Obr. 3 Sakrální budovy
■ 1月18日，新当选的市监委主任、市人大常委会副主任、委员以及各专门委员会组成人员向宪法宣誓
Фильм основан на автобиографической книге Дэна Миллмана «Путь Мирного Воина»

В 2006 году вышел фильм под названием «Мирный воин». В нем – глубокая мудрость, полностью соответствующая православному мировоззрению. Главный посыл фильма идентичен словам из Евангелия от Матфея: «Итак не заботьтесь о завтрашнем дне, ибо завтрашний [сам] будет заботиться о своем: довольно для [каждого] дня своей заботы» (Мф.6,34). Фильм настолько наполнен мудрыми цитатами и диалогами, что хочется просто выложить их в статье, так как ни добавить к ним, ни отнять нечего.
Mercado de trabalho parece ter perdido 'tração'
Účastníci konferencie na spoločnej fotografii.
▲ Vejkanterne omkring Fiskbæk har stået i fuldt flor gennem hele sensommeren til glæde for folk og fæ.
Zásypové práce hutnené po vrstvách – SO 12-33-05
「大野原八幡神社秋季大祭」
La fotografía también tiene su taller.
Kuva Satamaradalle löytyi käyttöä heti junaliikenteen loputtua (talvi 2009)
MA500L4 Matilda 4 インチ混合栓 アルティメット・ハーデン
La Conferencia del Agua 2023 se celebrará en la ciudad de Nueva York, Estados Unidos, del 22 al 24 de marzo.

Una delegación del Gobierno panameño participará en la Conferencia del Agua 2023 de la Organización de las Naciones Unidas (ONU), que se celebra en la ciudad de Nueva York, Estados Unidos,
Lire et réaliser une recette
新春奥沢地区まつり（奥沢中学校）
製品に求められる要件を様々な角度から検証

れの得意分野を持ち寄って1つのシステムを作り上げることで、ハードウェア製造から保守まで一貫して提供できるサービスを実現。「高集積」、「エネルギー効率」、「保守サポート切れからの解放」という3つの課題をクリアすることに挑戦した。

********

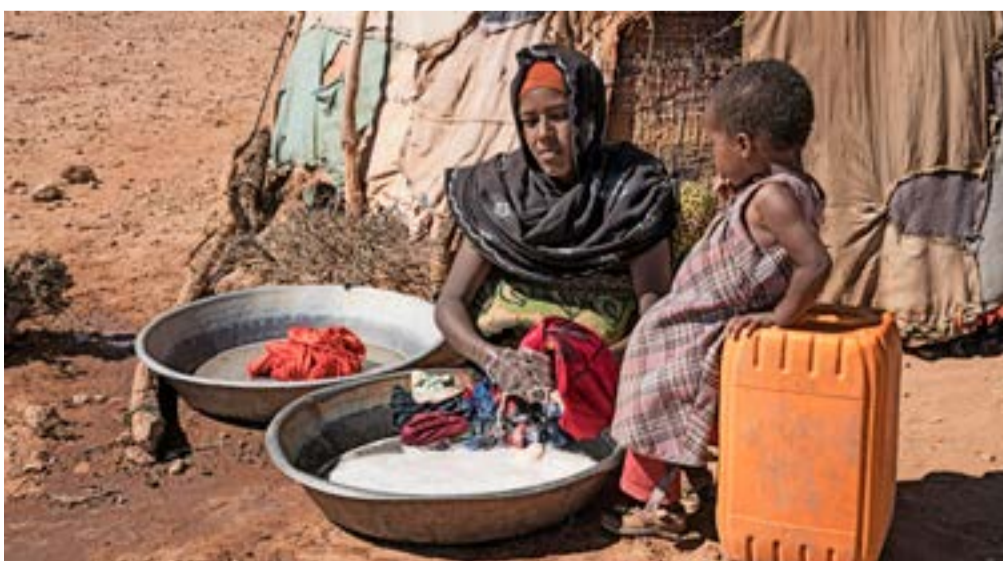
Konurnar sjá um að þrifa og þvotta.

********

Work instruction
From the records above, reproduce exactly the lines from the one with "Lire et réaliser une recette" to the one with "れの得意分野を持ち寄って1つ", both included, and no others.

Solved exercise
Lire et réaliser une recette
新春奥沢地区まつり（奥沢中学校）
製品に求められる要件を様々な角度から検証

れの得意分野を持ち寄って1つのシステムを作り上げることで、ハードウェア製造から保守まで一貫して提供できるサービスを実現。「高集積」、「エネルギー効率」、「保守サポート切れからの解放」という3つの課題をクリアすることに挑戦した。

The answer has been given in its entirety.